Pimozide is therefore indicated for reintegration into the psychotic patient's environment.

Researches carried out on emotionally unstable subjects have shown that pimozide determines a psychic stabilization and an improvement of motivations, activities and subjective sensations even under stress.

05.2 "Pharmacokinetic properties -

More than 50% of the pimozide dose is absorbed following oral administration.

Its distribution is not affected by the route of administration: 10% liver; 0.7% blood; 0.1% brain.

The drug is localized in the pituitary and therefore in the n. Caudatus.

Generally, the serum peak occurs between 6 and 8 hours (in a range of 4-12 hours) after intake. Pimozide appears to undergo significant first pass metabolism. It is extensively metabolised in the liver, mainly by N -dealkylation. Two major metabolites have been identified: 1- (4-piperidyl) -2-benzimidazolinone and 4,4-bis (4-fluorophenyl) butyric acid. These two metabolites have no antipsychotic activity. Only a very large fraction. small amount of pimozide is excreted unchanged in the urine.The major route of elimination of the metabolites is via the kidney.

The mean serum half-life of pimozide in schizophrenic patients is approximately 55 hours.

C "is an interindividual difference in area under the curve, serum concentration-time, of 13 times and an equivalent degree of variation in peak serum levels among the patients studied. The significance of this is unclear as there is little correlation between plasma levels and clinical data.

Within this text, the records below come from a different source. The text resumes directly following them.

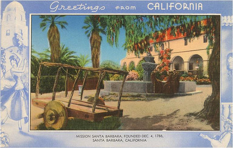 SB-127 Greetings from Mission Santa Barbara, California - Vintage Image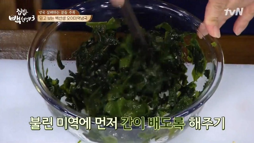 나중에 채소에서 즙이 나오면서 미역에 간이 배지 않을 수 있다고 하는데요, 먼저 밑간을 하고 물을 붓는 것이 오이냉국 황금레시피의 포인트!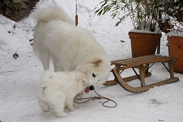 Trotz Schnee und eisiger Kälte geniessen die Kleinen das Spiel im Freien.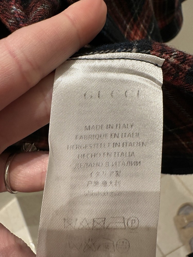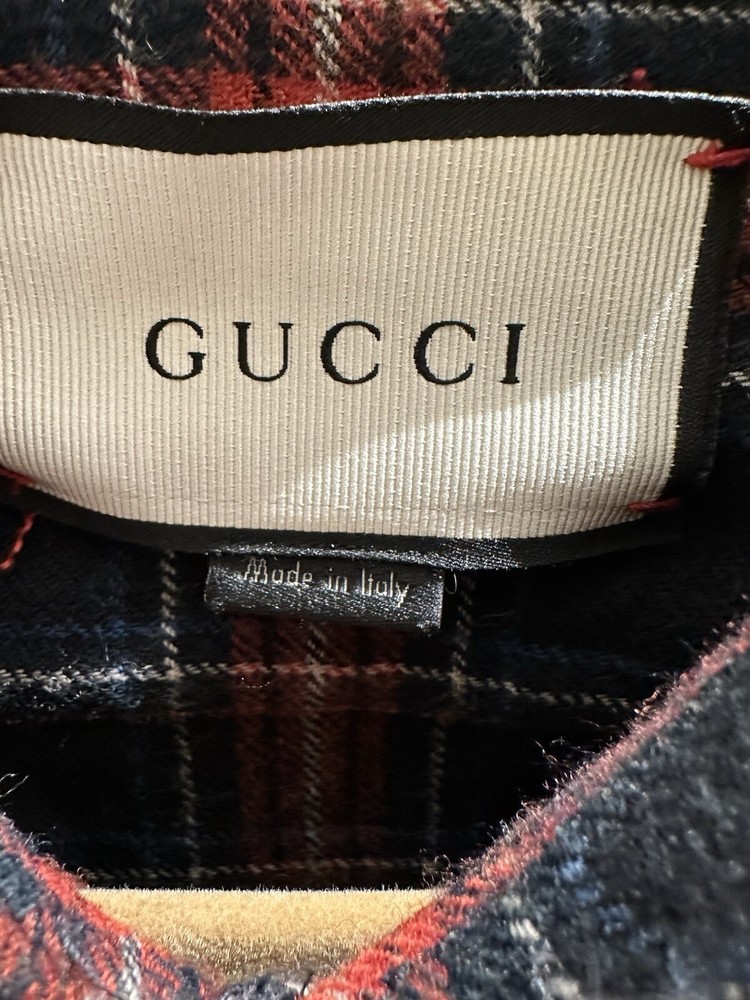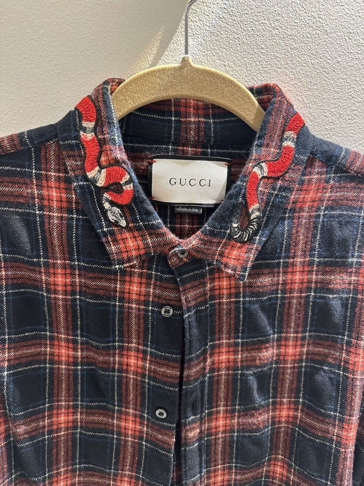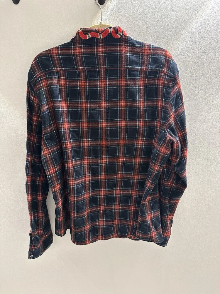 GUCCI Flannel Button Up Shirt - Plaid Embroidered Snake Pattern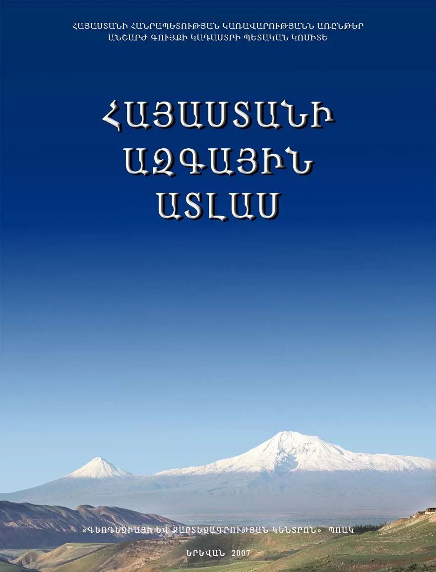 我在亞美尼亞房地產地籍委員會的網站上,發現了一本名為《亞美尼亞國家地圖集》的地圖冊,第一卷出版于2007年,主要是亞美尼亞和阿爾察赫的概況、自然人文地理、經濟以及分區地圖。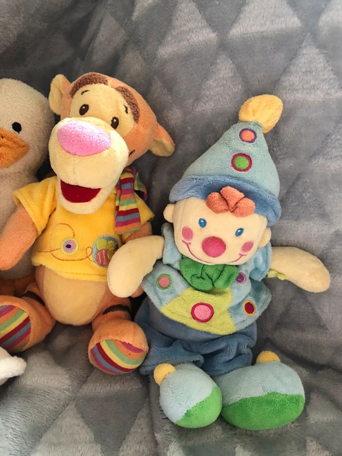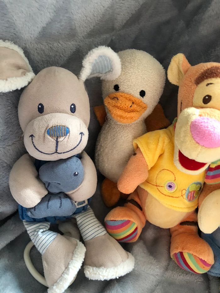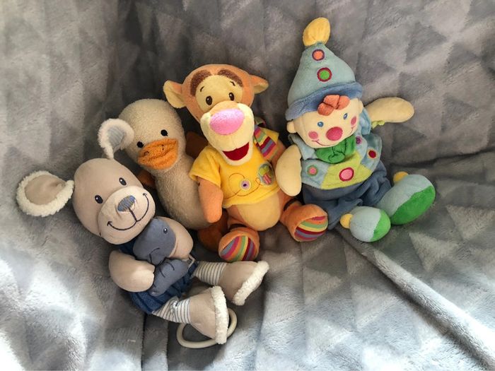 4 peluches dont 1 qui fait le sons d’une veilleuse Laver avant l’envoie 🧼

05.3 Preclinical safety data -

Animal data showed some degree of embryotoxicity at doses similar to the maximum human level (MHUL). At doses approximately 6 times the MHUL based on the mg / kg ratio, fetal growth retardation and toxicity were observed. fetal No teratogenic effects were observed.

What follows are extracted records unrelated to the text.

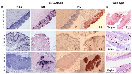 Three mucosal sites (vagina, tongue, and anus) infected with the L1-L2ATGko mutant demonstrated strong viral DNA and E4 expression but absence of L1. Viral DNA positivity was detected in the vaginal tracts and oral cavities of the infected animals of the L1-L2ATGko mutant (A, ISH, 20×, and arrows). L1 was undetectable in these tissues by immunohistochemistry (IHC) with MPV.B9 (A, 10×). However, all infected tissues showed intracytoplasmic E4 expression ranging from multifocal and light (anus) to more extensive and strongly positive expression (tongue and anus) (A). L1 expression is scattered but marked in wild-type MmuPV1 infected tissues by MPV.B9 in the nuclei of infected cells (B, 20×).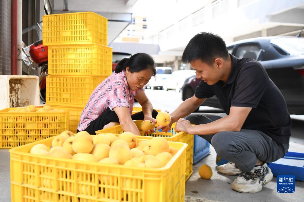 8月7日,桃農在炎陵縣水口鎮黃桃市場(chǎng)挑選黃桃并打包。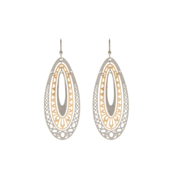 Silver and Gold Two Tone Triple Inset Mixed Filigree Ovals Lightweight Earring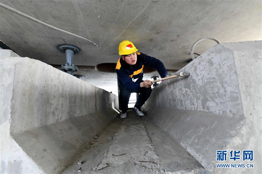 1月3日,中國鐵路濟南局臨沂工務段工程技術員李奔騰在沂河特大橋橋梁連接處檢查。新華社記者 朱崢攝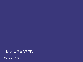 Hex #3a377b Color is a normal indigo color and the nearest color is Minsk #3f307f. Hex code #3a377b and RGB value is rgb(58,55,123). In RGB color space, this color is composed of 23% red, 22% green, 48% blue, In CMYK color space, this color is composed of 53% cyan, 55% magenta, 0% yellow , 52% black , In HSL color space, this color has a hue angle of 243° , 38% saturation and 35% lightness.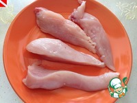 Готовим куриные грудки, разрезаем их на две части вдоль, убираем кусочки жира |

The results of mutagenicity studies do not indicate genotoxicity.

Carcinogenicity studies did not detect treatment-related tumors in male rats or mice, but an "increased incidence of pituitary adenomas and mammary gland adenocarcinomas in female mice. These histopathological changes in the mammary and pituitary glands are thought to be mediated by prolactin. and have been found in rodents following hyperprolactinaemia induced by a wide variety of neuroleptic drugs, although the relevance of these findings to humans is questionable.

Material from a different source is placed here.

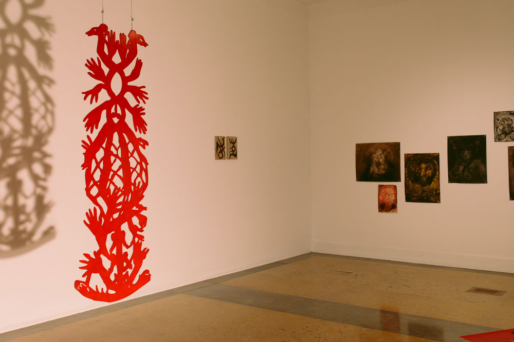 Refere Fiódor Dostoiévski, na sua obra literária “O Adolescente”, que “o riso é a mais certeira prova da alma”. [1] Na verdade, associá-lo à bondade, felicidade e comédia é prosaico, mas não é despeito reconhecer que também pode ser maquiavélico, cínico e sarcástico. E habitar num pendor popular moralista, no corriqueiro “muito riso, pouco siso”, ou mesmo ficar à mercê do fanatismo religioso pousado na ideia de que desvirtua a sociedade e a afasta da espiritualidade. Talhado pela sonoridade do riso, pejado de ´ironia azeda´, o sarcasmo introduz a exposição, a partir da entrada do edifício. Esta “Sonata para uma cave” (2023), de Odete, encontra um alinhamento com as outras obras da artista que apresentadas no subterrâneo do edifício, parecem fecundadas na ideia da etimologia da palavra “sarcasmo” que, derivada do grego antigo "Sarkázein", significa “rasgar/dilacerar a carne”. O riso, em onomatopeia, titula estas obras que sendo figurativas e abstratas contemplam a ação e os resquícios do terrível. Recortada em papel, corporizada numa existência singular, uma língua pontiaguda e ondulante, pintada a lápis numa tonalidade rosa suave, surge conectada ao desenho de um monstro de boca aberta, onde ajudado por dois diabretes, consome pequenos seres nas suas labaredas (“AHAHAHAH”, 2023). Os mesmos materiais, papel e lápis de cor, são utilizados em “AHAHAHAHAH” (2023), onde uma mancha acastanhada se estende por quase metade do suporte, e é acompanhada por salpicos da mesma cor e manchas subtis de outras colorações. Por sua vez, “AHAHAH” (2023) contempla uma mancha disforme de tinta acrílica e sangue falso, numa plastificação ‘gore’ de vermelho vivo. O vermelho que, simbolicamente plural, se vê associado à paixão, ao impulso sexual, à proibição, ao perigo e à violência, é a cor do fundo abstrato das duas pinturas de Francisca Sousa, da série “Red Sees” (2014), que situadas na entrada, representam duas decapitações. Uma figura feminina nua, empunhando uma faca, dirige-nos o olhar de soslaio, e segura a cabeça decapitada de um homem. Enquanto na outra pintura, uma figura masculina, seminua, segura triunfal a cabeça decepada de outro homem. A temática continua numa outra obra – “Orgulho” (2019) – que pousada no chão da sala A, dentro do edifício, revela duas mulheres: uma vestida apenas com uma camisola vermelha, que segura uma faca e a cabeça decepada de um homem, e outra que numa tela, circular de fundo verde, surge nua, mascarada e a segurar um bastão. A máscara que ao ocultar o rosto, e as suas expressões, permite-nos com maior liberdade encarnar personagens e satisfazer desejos, adensando o mistério do “Eu” que, na sombra, se recolhe para dar espaço à farsa. Podendo estar ligada à morte e aos rituais a ela associados, à crítica social ou à excitação trazida pela vida sexual. Apesar das pinturas aqui descritas não contemplarem quaisquer elementos iconográficos que, especificamente, nos conduzam a uma narrativa religiosa, é intuitivo associar o tema das decapitações a episódios bíblicos como o de Judite e Holofornes, de Davi e Golias e de Salomé e S. João Batista. Revela-nos George Bataille, que o erotismo está pejado de contradições pois a sua profundidade, é tanto religiosa, como horrível e trágica. O seu fundamento é a atividade sexual que, numa perspetiva puritana, cai sob a égide da proibição que, por sua vez, se arrasta para o enfeitiçamento da transgressão. O clarão de má luz que brota do erotismo, refere o filósofo, é possível encontrar igualmente na violência e na morte. Esta última, confessa-nos com uma certa vileza, abre em si o riso infinitamente alegre. E na “pequena morte” [2], acrescenta, desfaz-se numa sensação de triunfo sem chegar a morrer. [3] É nestas “Lágrimas de Eros”, na cúspide da interligação entre a dor, o erotismo e o prazer, mas também da violência e da morte, que as obras de Francisca Sousa se estruturam. Neste seguimento, impera a referência à xilogravura de Albrecht Dürer, “A Grande prostituta da Babilónia” (1497-98; tiragem séc. XVIII), presente na exposição. Tal porque este episódio bíblico é sugestivo da forma como a mulher foi sendo vista e tratada, ao longo dos séculos. Imperando nela a vilania da sedução e do erotismo, da sexualidade profana, da prevaricação e de todos os males do mundo. No livro do Apocalipse (cap. 17; 1:5), a mulher é caracterizada como a prostituta vestida de púrpura e vermelho, adornada por ouro e pedras preciosas, que montada sobre uma besta vermelha, será julgada. Na sua testa encontrava-se escrito: “Mistério, a grande Babilónia, a mãe das prostituições e abominações da terra.” [4] Representando, simbolicamente, a figura da prostituta, a depravação, a ostentação e a deslealdade da Babilónia, face aos preceitos da religião e de Deus. A sexualidade é um tema recorrente de outras obras da exposição, que procuram confrontar e desmistificar os preconceitos ainda existentes. Proclamando a liberdade de ser e escolher que, na verdade, deve imperar. São exemplo, as pinturas especulativas de Rasmus Myrup, “Homo Homo Erectus (Forest Fuck)”, 2018, “Homo Homo Neanderthalensis and Sapiens (In the Field)”, 2018, e “Homo Homo Erectus (In the Grass)”, 2023, que encenam a pré-história da homossexualidade humana, através da imagética homoerótica, sexual e pós-pornográfica. E que afirmam o combate à ignorância que ainda nutre a visão de que a homossexualidade é antinatural. E saliente-se o vermelho nas molduras, numa possível relação com a simbologia da cor, já suprarreferida. A sexualidade é também abordada, sem puritanismo, nem perversão, através de “Brazil Solos” (2016), do artista António da Silva. Um vídeo, onde trinta homens brasileiros homossexuais, surgem nus, contando as suas experiências sexuais enquan

In in vitro studies, pimozide has been shown to block cardiac hERG channels and prolong the duration of action potential in isolated and perfused heart. This effect on hERG channels can be attenuated by blocking the effect of pimozide on cardiac calcium-type channels. L. In in vivo animal studies, intravenous or oral administration of pimozide has been shown to cause significant prolongation of the QTc interval. Doses that prolonged the QTc interval did not cause arrhythmia.

06.0 PHARMACEUTICAL INFORMATION -

06.1 Excipients -

Calcium dibasic phosphate dihydrate, corn starch, microcrystalline cellulose, povidone K30, talc, hydrogenated vegetable oil, yellow iron oxide, sodium indigotindisulfonate aluminum lake.